Потом - Козловский с его несравненным исполнением …О, Коломбина, нежный верный Арлекин… Я пытался держать дыхание, как он, но это не получалось.

 

Затем все исчезло – и патефон, и пластинки на 78 оборотов…

 

А недавно я обнаружил в своей фонотеке эту самую запись и слушаю ее с ощущением короткого замыкания времени.

 

 

Шопен и Скрябин

 

Музыка Шопена экстравертна, Скрябина – ярко интравертна. Шопен от Скрябина отличается так, как, по выражению Фемистокла, речь отличается от мысли – первая – это развернутый ковер, на котором ясно виден роскошный узор, вторая – тот же ковер, но свернутый. Не случайно Шопен был для Скрябина отправной точкой – ранний Скрябин - почти реинкарнация Шопена.

Скрябин многим менее понятен, чем Шопен. Слушателю необходимо приложить значительные усилия, чтобы развернуть ковер музыки Скрябина, и только тогда он увидит узоры немыслимой красоты.

 

 

Ласточка

 

(по рассказу бывшего моряка Александра Вереса)

 

Мы давно не видели земли.
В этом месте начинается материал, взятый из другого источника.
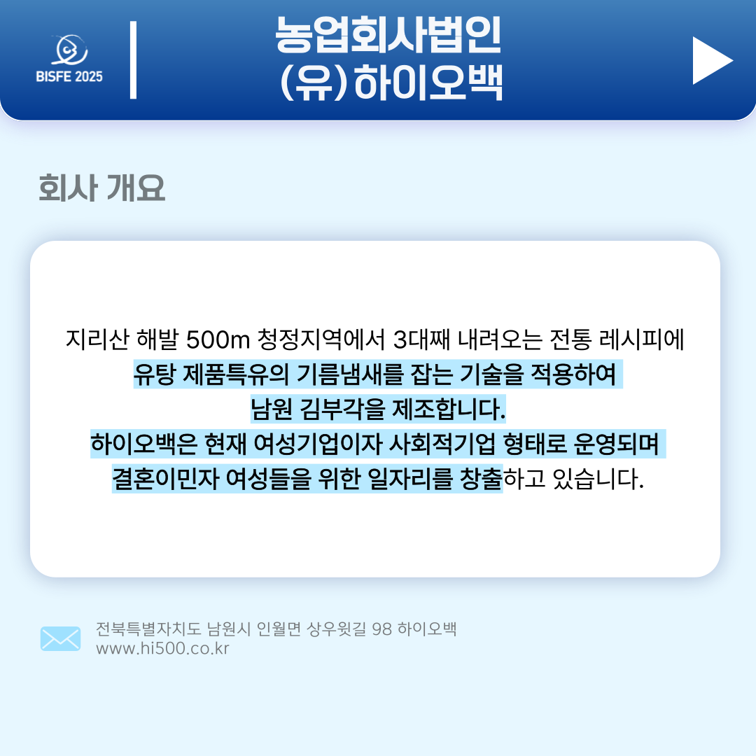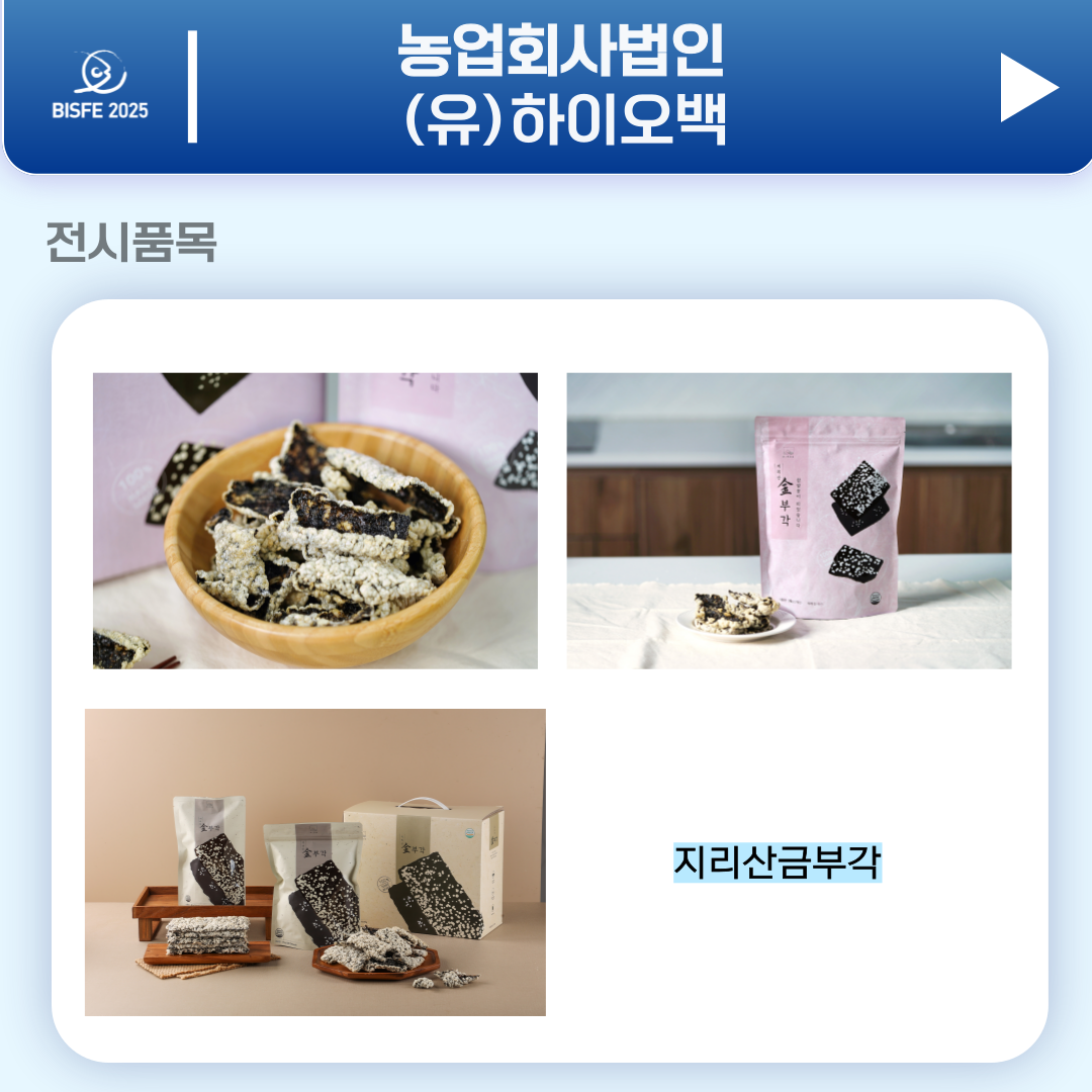 2025 부산국제수산EXPO 참가업체 하이오백입니다.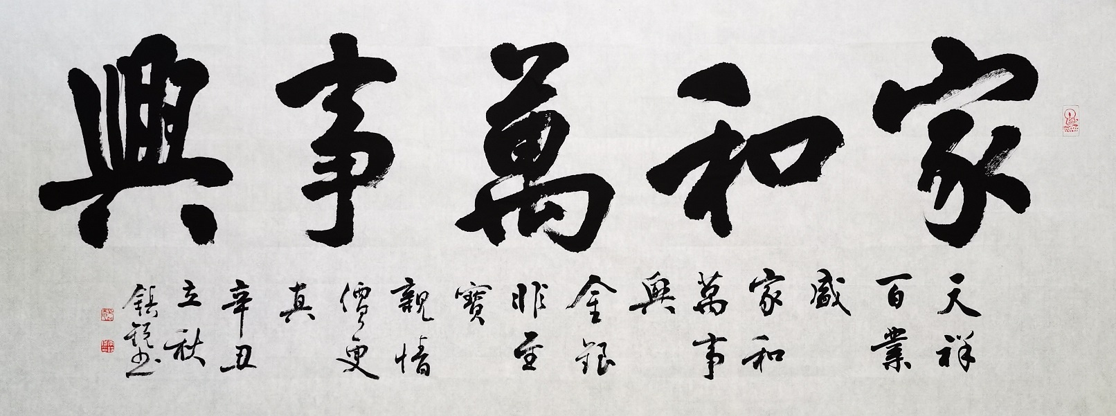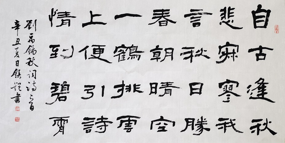 楷精法详,功在出新。从书法的宽度上来看,李先生还善作篆隶。篆书取法泰山碑,写得饱满圆厚,刚柔相济。隶书以曹全碑、礼器碑为法本,写左掠右挑丰姿多神,既有汉隶的风范,也有汉隶的风度。由是,纵揽李镇锐书法非凡的宽度与深度,必有诸书皆成、博涉多优的定论!

Наша опасная стальная плавающая гора уже много месяцев зачем – то шла в океане, почти не приближаясь к суше, которая находилась в нескольких сотнях километров от нас. Почти ежедневно я нес вахту в тесном помещении с железным столом - полкой и иллюминатором. Я редко его открывал – мне трудно было выносить надоевший шум волн и даже его отсутствие, разрезаемое неприятным резким криком чаек.

Изредка вдали я видел больших птиц фрегатов, но они не приближались к нашему кораблю, напуганные его шумом.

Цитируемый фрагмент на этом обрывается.